Two weeks til a whole new me? (Or, please for-the-love-of-Pete-get-these-things-outta-my-body!)

i'm convinced my hair will look 'almost on purpose' by the time of my surgery.

I’m convinced my hair will look ‘almost on purpose’ by the time of my surgery.

It will have been exactly nine months and one day that I have been sporting these fancy-dancy (not-so-much) tissue expanders when they take them out of me and swap them out for something a little more … comfortable? Oh GOD please let them be more comfortable.

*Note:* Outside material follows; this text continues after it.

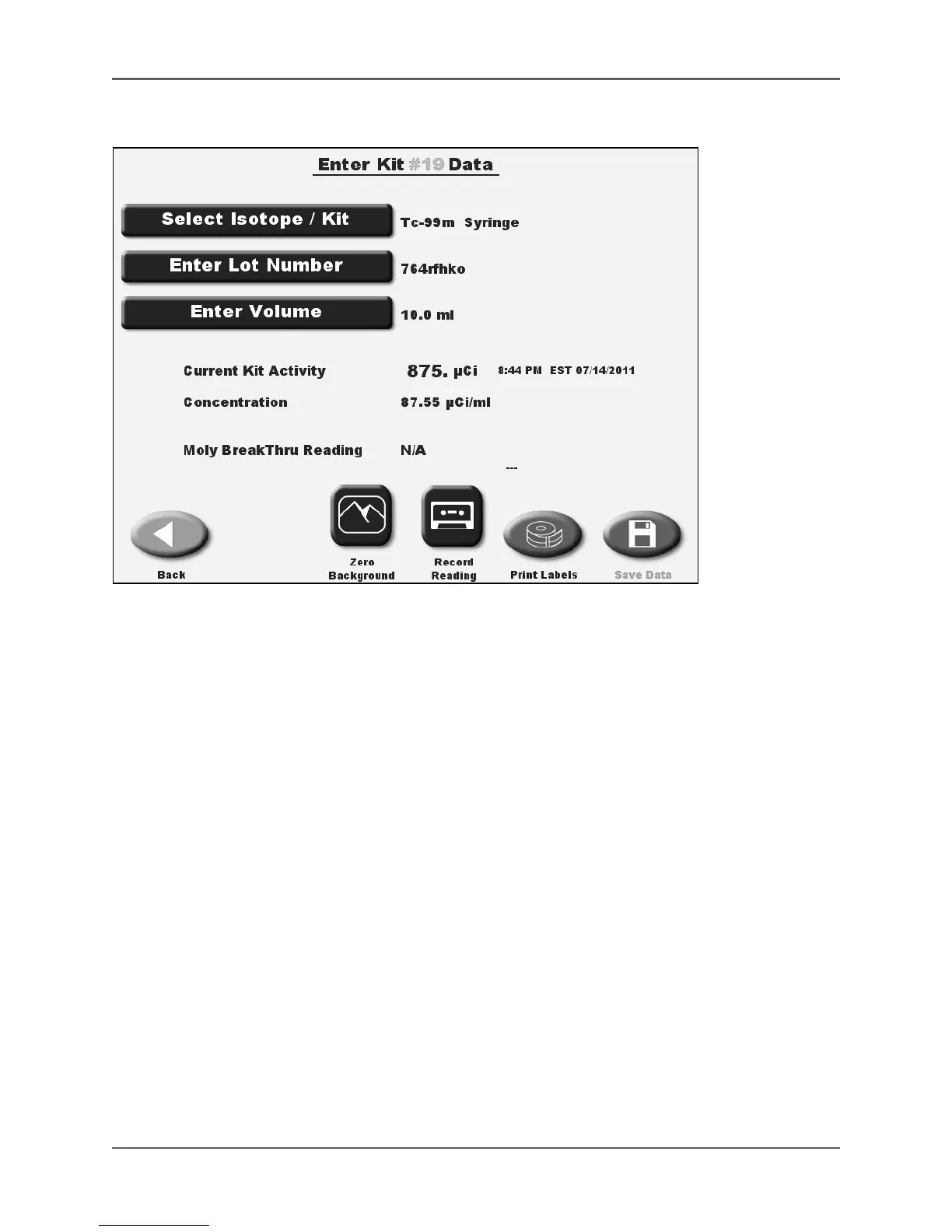 Figure 5.29. The Enter Kit # Data screen results without Moly.

I haven’t talked much about the bumps that replaced what were my breasts. It is, (and I know I’m obviously out-there-and-public-and-open-and-in-your-face) a strange topic that I tend to only talk about face to face with people I know, and I usually talk about it with some humour. I knock the closest hard surface to me and assure the person to whom I’m speaking that the tissue expanders are basically ‘that hard’. I laugh and say I’m looking forward to NOT feeling obligated to apologize for my ‘bumps’ when I give someone a good long hug. I crack jokes about my ‘barbie boobs’ and refer to the ‘detailing’ that will take place after this next surgery. (But that’s a whole ‘nother blog, folks.)

Now, as I prepare to have these removed, I suppose, is as good a time as any to talk about them in some detail. Most people kind of slowly nod their heads and point vaguely at my chest area and say things like ‘so those…aren’t permanent?’ Or, ‘I don’t really understand the difference…’. If I’m generous enough to guide someone’s hand to the place where the port is under my arm and let them palpate that little disc, that experience invariably produces a ‘gasp!’ or ‘OH!’, at which point I laugh and acknowledge the Sci-Fi nature of my present body. For most people, tissue expanders are absolutely uncharted territory, as they were for me nine months ago.

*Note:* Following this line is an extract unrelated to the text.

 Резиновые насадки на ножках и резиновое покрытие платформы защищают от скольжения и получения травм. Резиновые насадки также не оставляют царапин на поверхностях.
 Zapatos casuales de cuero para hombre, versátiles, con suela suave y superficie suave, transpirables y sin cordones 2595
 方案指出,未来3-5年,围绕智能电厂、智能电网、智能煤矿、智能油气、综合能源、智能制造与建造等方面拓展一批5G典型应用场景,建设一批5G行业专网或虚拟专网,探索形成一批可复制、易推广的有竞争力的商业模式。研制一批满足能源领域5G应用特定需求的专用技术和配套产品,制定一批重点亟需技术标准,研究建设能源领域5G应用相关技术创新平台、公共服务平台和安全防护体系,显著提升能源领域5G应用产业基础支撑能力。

When I arrived for my pre-surgery consult last April, I was presented with my options for reconstruction. I could do abdominal flap surgery, wherein they use your own tissue from your abdomen to build you new breasts, and in this surgery women basically lose a fairly significant amount of abdominal fat and get new, permanent breasts that are made out of their own flesh and require little or no further work. It’s a good option, if you have the abdominal fat to spare. Upon examination of me, my surgeon’s quick response was … ‘And implants it is!’ (If they could use the tissue from my thighs, I’d be set up for some permanent, all-me breasts, my friends, I assure you. Stomach, not so much).

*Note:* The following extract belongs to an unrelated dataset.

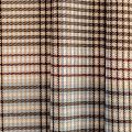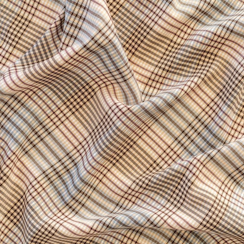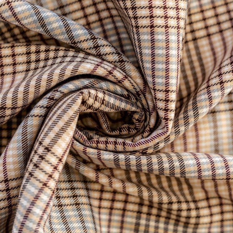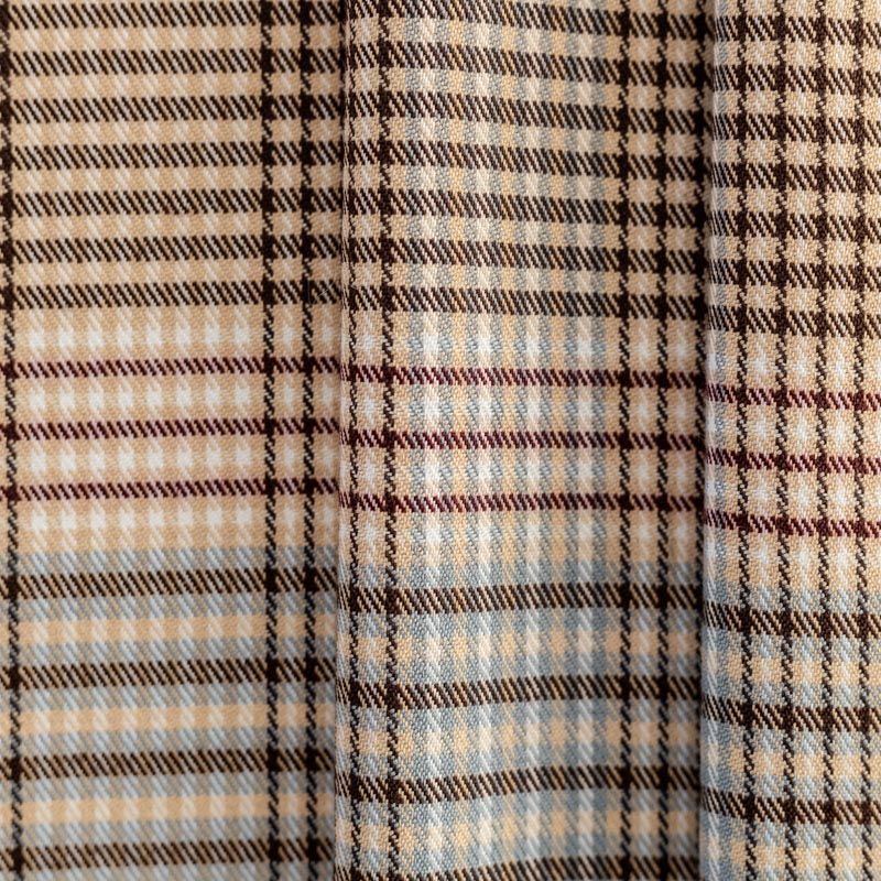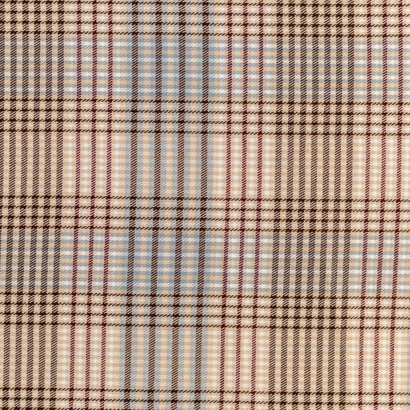 Сочетание линий голубого, шоколадного и кремового оттенков образует сложную красивую многоцветную клетку. Ткань отлично подойдет на костюмы, юбки, брюки, платья, жакеты.

So. At the time of my mastectomies, I kind of got a ‘three-for-one’ deal. One anaesthetic, two surgery teams. Once the surgery team was finished removing my 17 lymph nodes and my breast tissue, the plastics team came in and inserted, through the same incisions, tissue expanders. Implant-like in form, they come with a little port that I requested get put under my armpits. The expanders are put in under the pectoral muscle, and their job over the months to come is to gradually expand the muscle and skin to make room for eventual implants. The expansion happens through ‘fills’ of saline, injected through the little ports periodically over the next little while, until the desired size is reached. They are strictly functional, and if you’re lucky, and I have been relatively so, they won’t migrate around your chest wall and leave you looking all lopsided and uneven.

These tissue expanders are not without their minor complications. There are many stories out there, some of them horror-movie-ish in nature, but I can only speak to my own experiences.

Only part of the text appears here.